The Cardiologist's Daughter offers readers a mélange of
memories, retelling through poetry how the poet's mixed heritage (East Indian
and Dutch) fused into her unique identity-- as a naturopath daughter of an M.D.
father and R.N. mother. The strongest poems in this collection are about her
relationship with her father-- as the title suggests.

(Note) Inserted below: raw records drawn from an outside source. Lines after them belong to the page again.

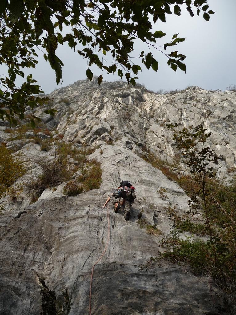 - L11: diedrino svasato a dx e proseguire poi, più facilmente, sulla cresta fino al sentiero di discesa. Sosta su albero 5a
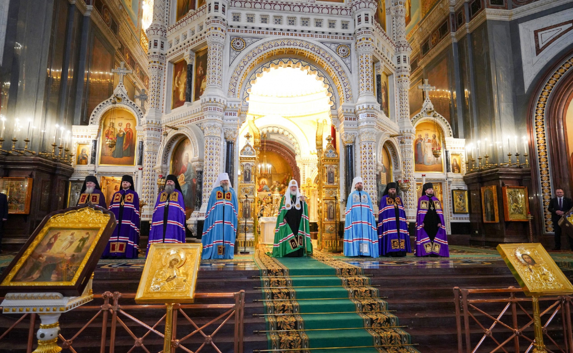 На сугубой ектении были вознесены особые прошения, Предстоятель Русской Церкви прочитал молитву о Святой Руси.
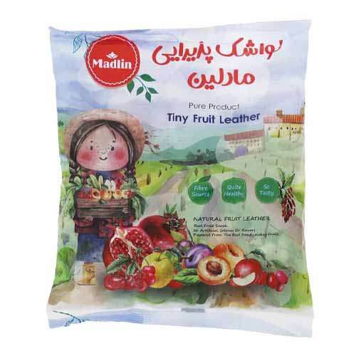 لواشک پذیرای چند میوه مادلین در دو بسته بندی 300 گرم و 1 کیلویی کاملا بهداشتی عرضه گردیده. این محصول از چهار لایه لواشک گرمخانه ای تولید شده از میوه، فاقد هر گونه مواد افزودنی، اسانس و رنگ مصنوعی میباشد.
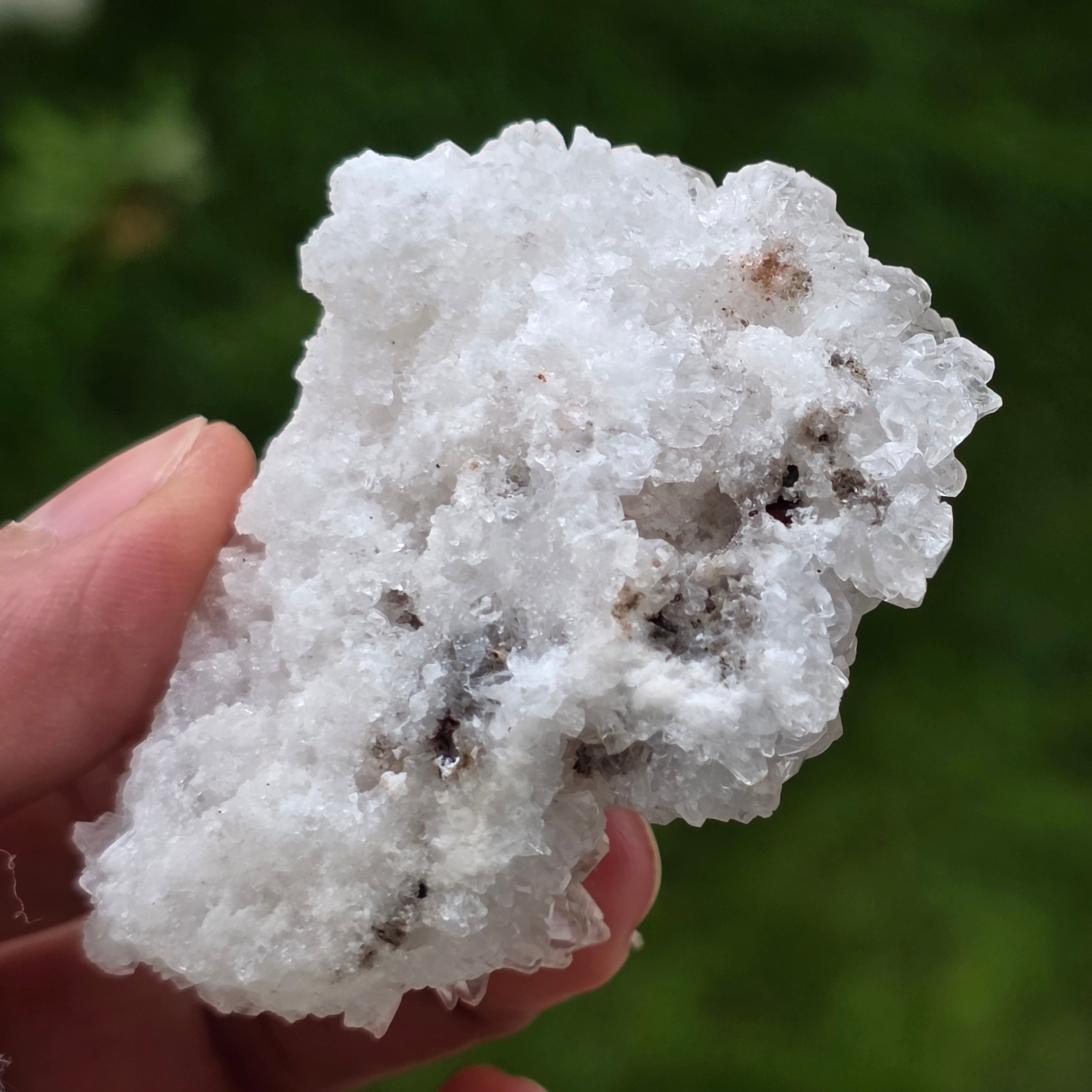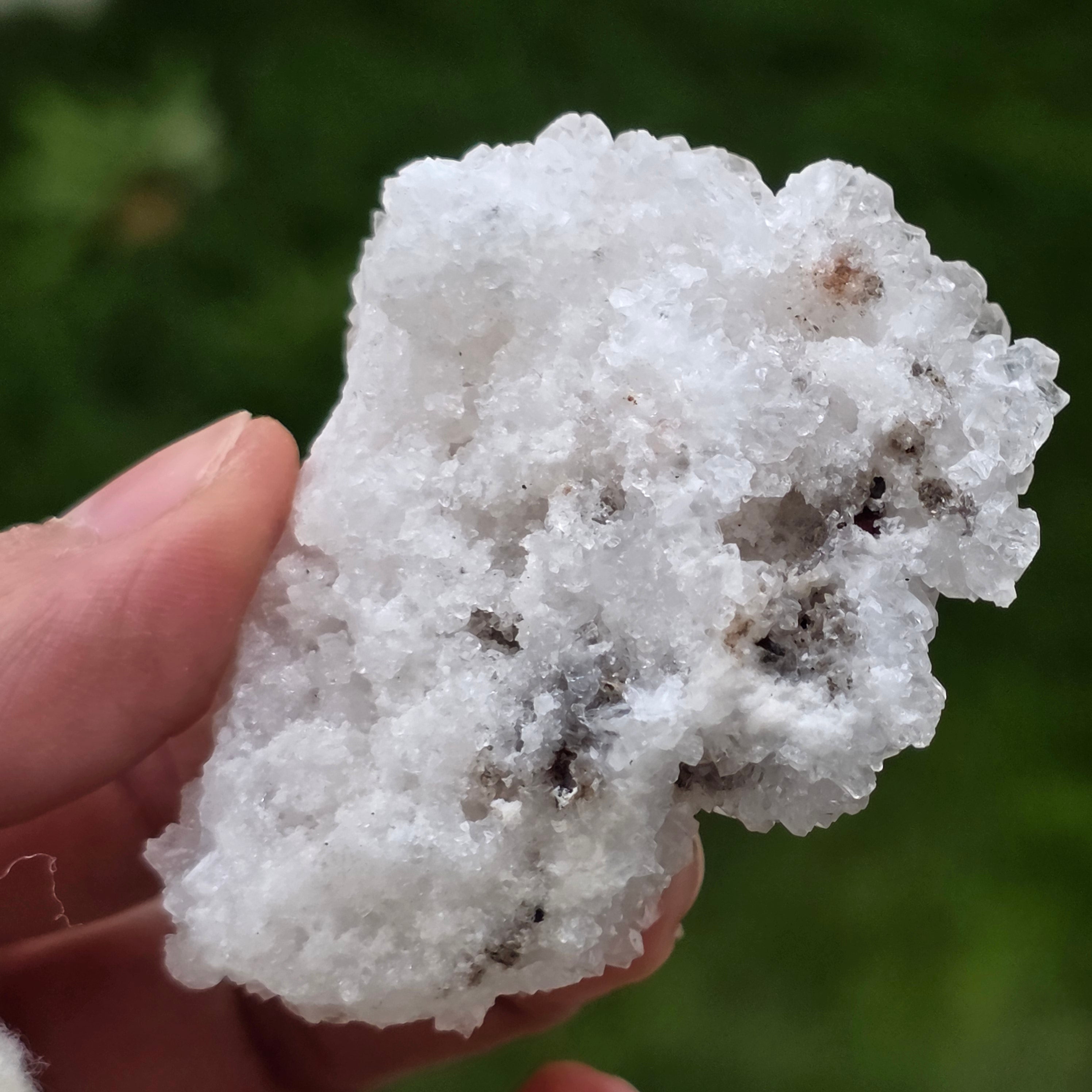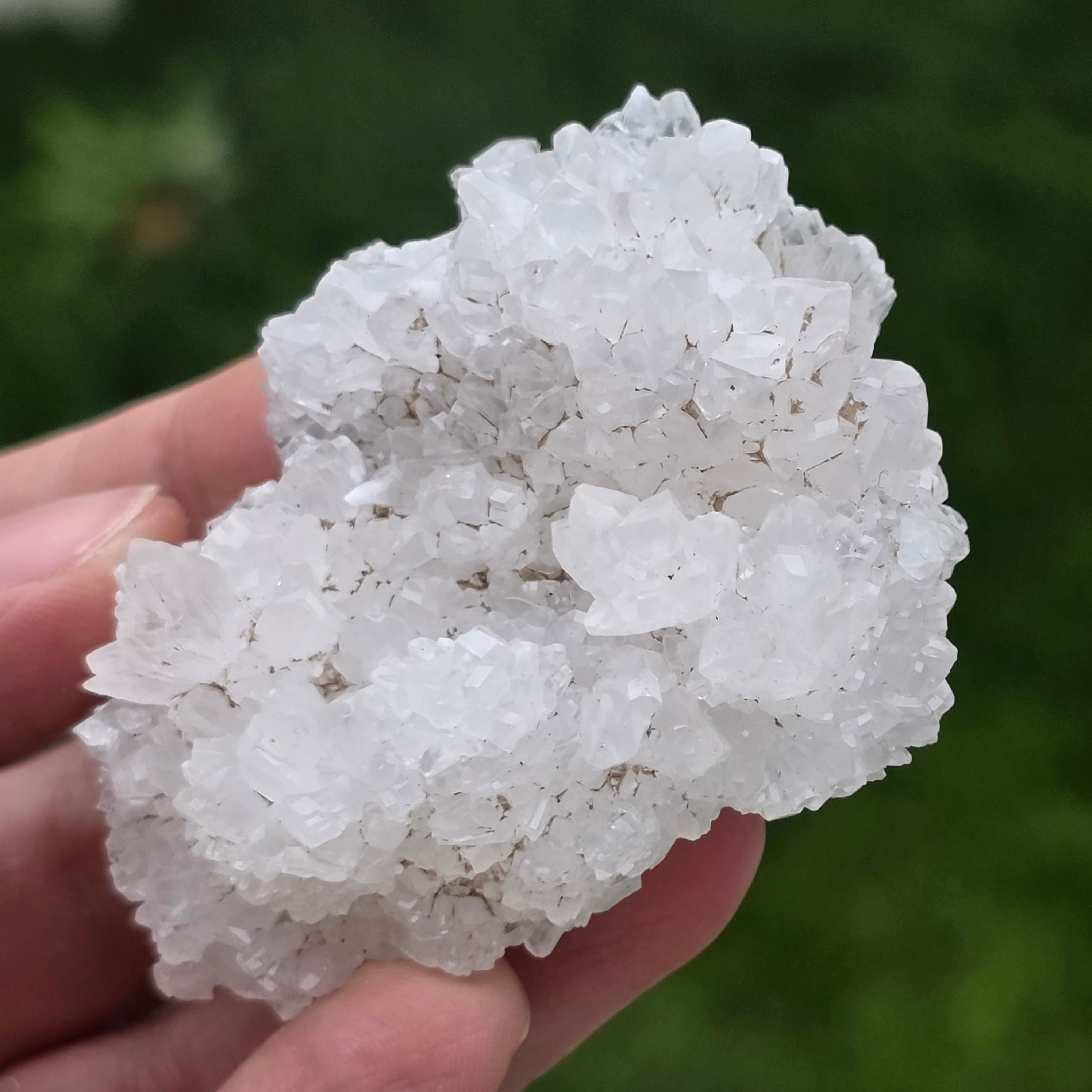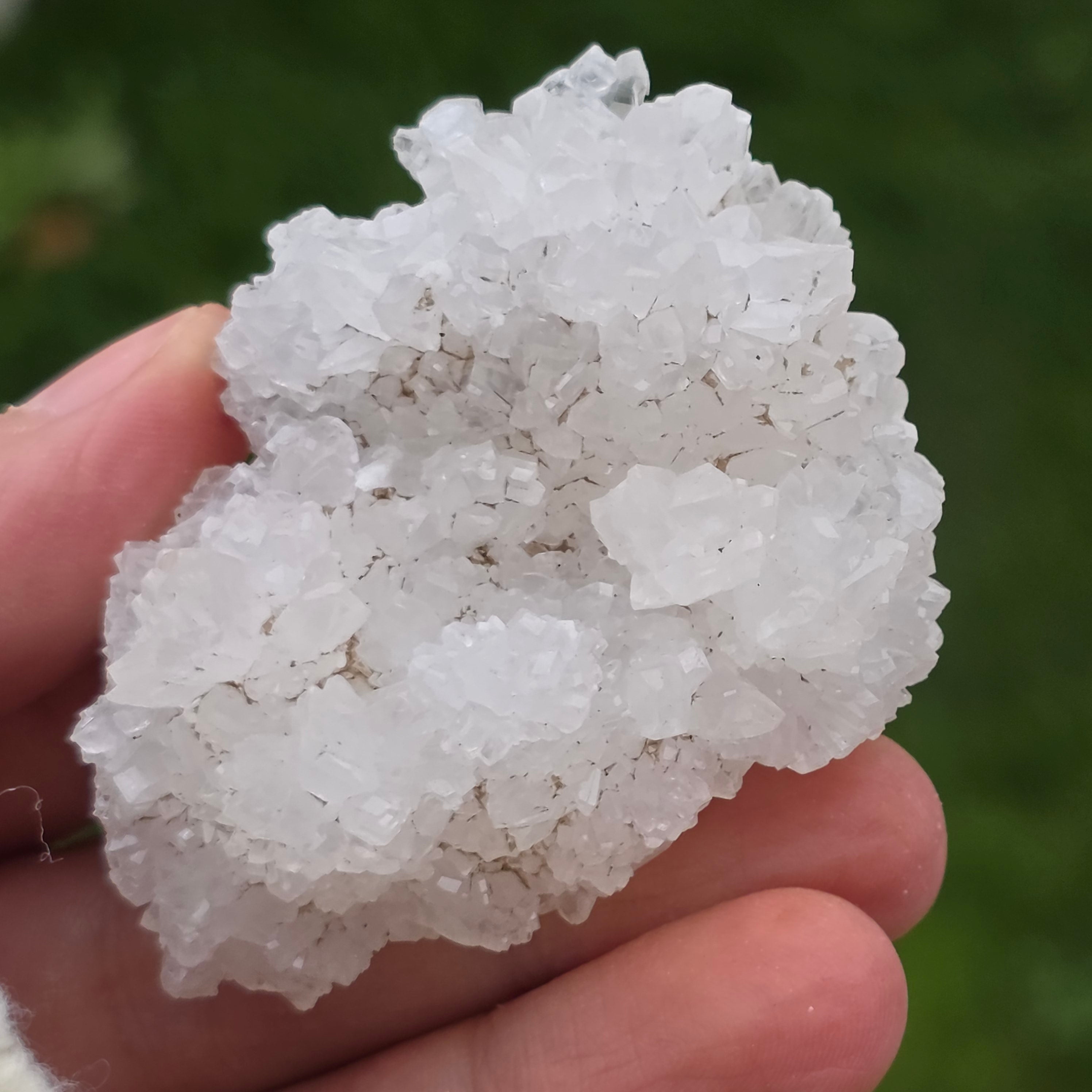 Cristalele sunt dispuse în structuri neregulate, rotunjite, cu suprafețe ușor sclipitoare, amintind de formațiuni întâlnite în interiorul peșterilor. Textura bogată și volumul bine definit conferă fiecărui exemplar un caracter autentic și expresiv, foarte apreciat în colecțiile de minerale și ca piesă decorativă naturală.
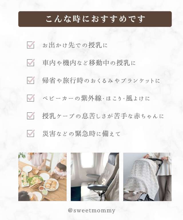 軽やか肌触りのよいコットン100%ダブルガーゼの授乳ケープです。 おしゃれを楽しみたいママにもぴったりのこだわりデザイン。 色々な用途に使えるマルチユースアイテムだから、出産祝いにも◎。 マタニティウェアと授乳服の通信販売スウィートマミーおすすめのおしゃれな授乳ケープです。
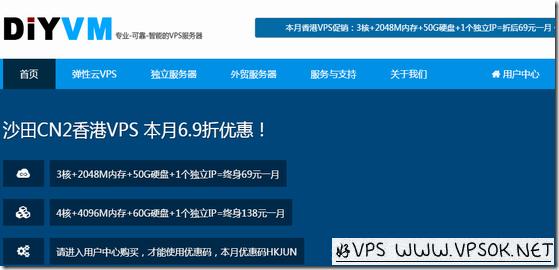 DiyVM是一家成立于2009年的国人VPS主机商,提供基于XEN架构的VPS产品,数据中心包括中国香港和美国洛杉矶等。最近收到主机商优惠信息邮件,本月对于香港沙田电信提供优惠促销,最低款1G内存套餐月付仅50元起,2G内存以上可用优惠码获得折扣。
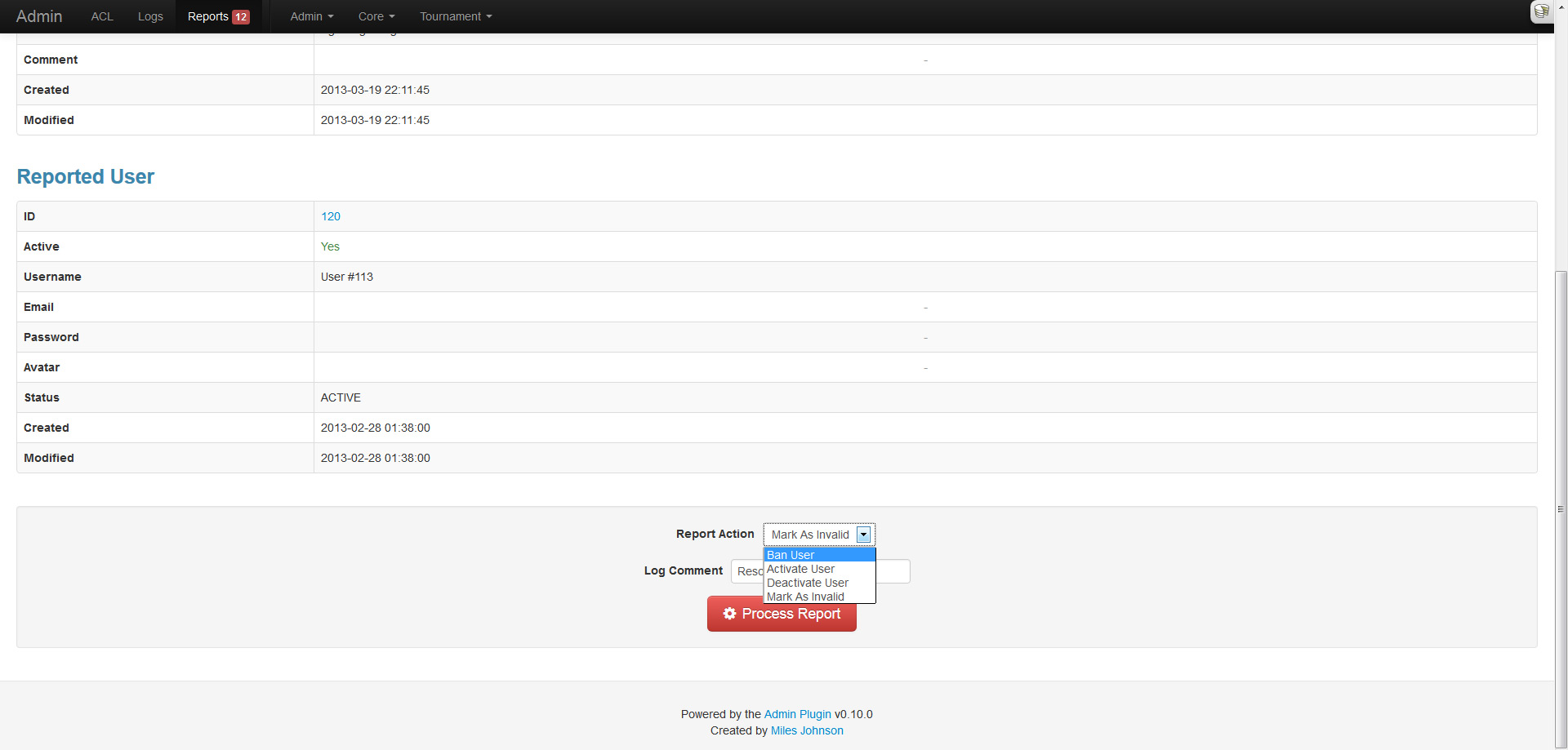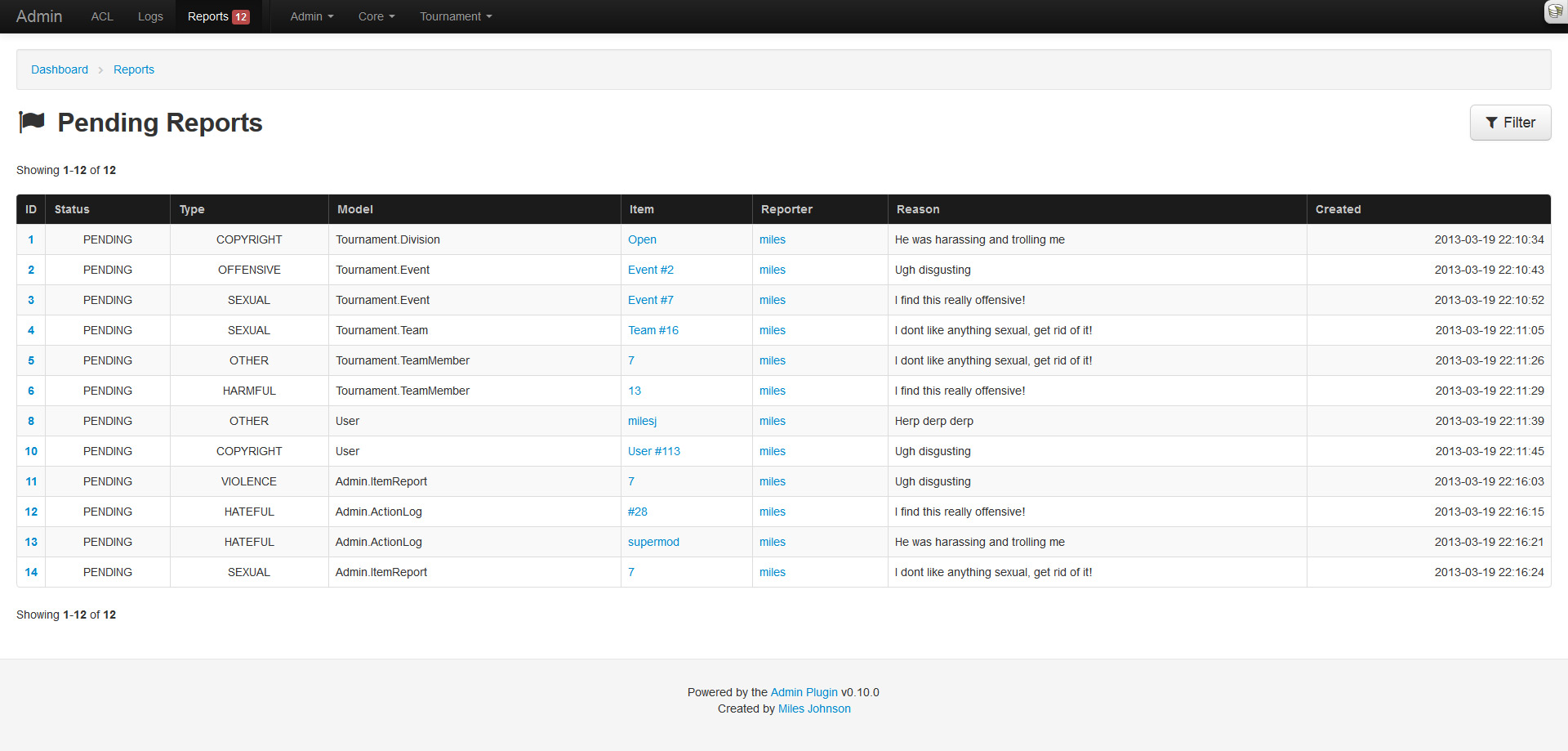 Another useful feature that many sites utilize is a content reporting/flagging system. My forum plugin utilizes one, my tournament plugin will, and my applications do. Each of them rolled their own system, so I thought it would be easier to roll this feature into the admin and have them all extend from it.
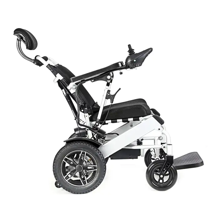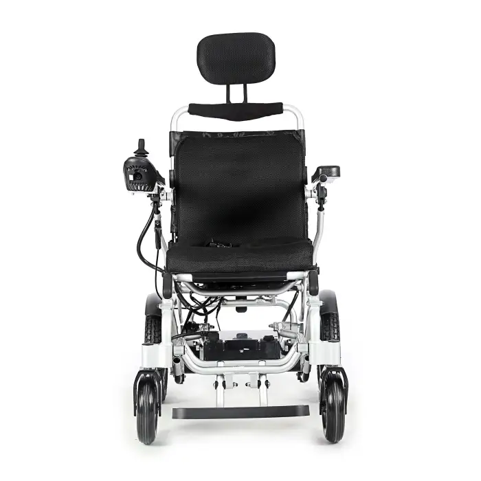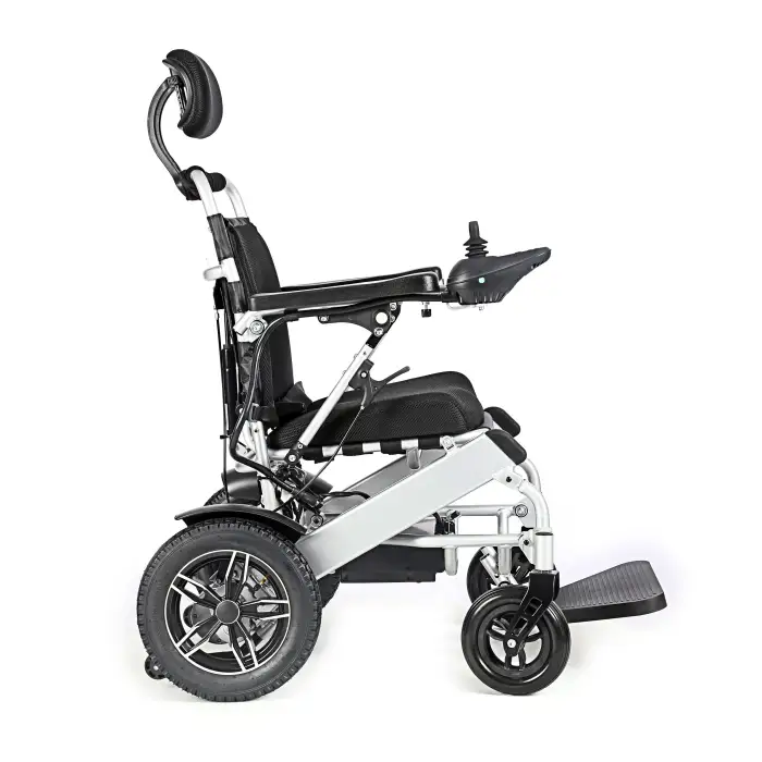 The wheelchair features easy-to-use joystick controls that allow for smooth and intuitive operation.
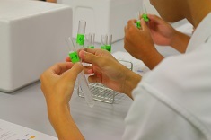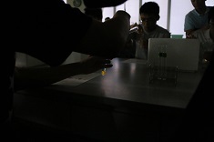 サイエンスコミュニケーター(SC)による体験実験のコーナーでは、酵素反応である『ルシフェラーゼ反応』の実験を行っていただきました。ルシフェラーゼ反応はホタルが発光するときにはたらいている酵素による反応です。酵素(タンパク質)なので、温度によって発光の様子が異なり、常温では強く発光しますが、70℃では全く光りません。また0℃のものは、手で温めると発光がみられるようになることなどが確認できました。

But other poems about her
interest in science, growing up in the southern states of the United States,
and other relationships-- with teachers, friends, other relatives, nicely fill
out this collection.
The opening poem, The
Cardiologist's Daughter Returns Home, recounts her father's heart attack,
ending with these lines: "The bypass cannot/be bypassed and in
returning/life, there will be death and/with it, tissue upon/tissue
blooming/the rows as rose/a garden of flesh/raising a bed/of
stitches (11)." Later in the volume,
she recalls how, in Once, a father, the
crook of his arm, her father plays
with her after work: "After the heart patients clear, he swaps
stethoscope/for the necklace of his daughter, stocking legs/looping his throat,
as she, on his shoulders/steals second supper: curry potatoes,/basmati rice,
cucumber yogurt from his plate (27)." In How
We Sketch the Departed, a poem about the death of her Dutch grandfather who
" commanded thousands/of conifers for his Dutch nursery (47)", she
recounts first the death of a butterfly: "That night the butterfly
scorched /in the woodstove due to inattention, mine/and the butterfly's. Flame
sputtered as smoke/formed a pillow for the insect's final sleep--
black/smearing the azure that lined its wings (45)."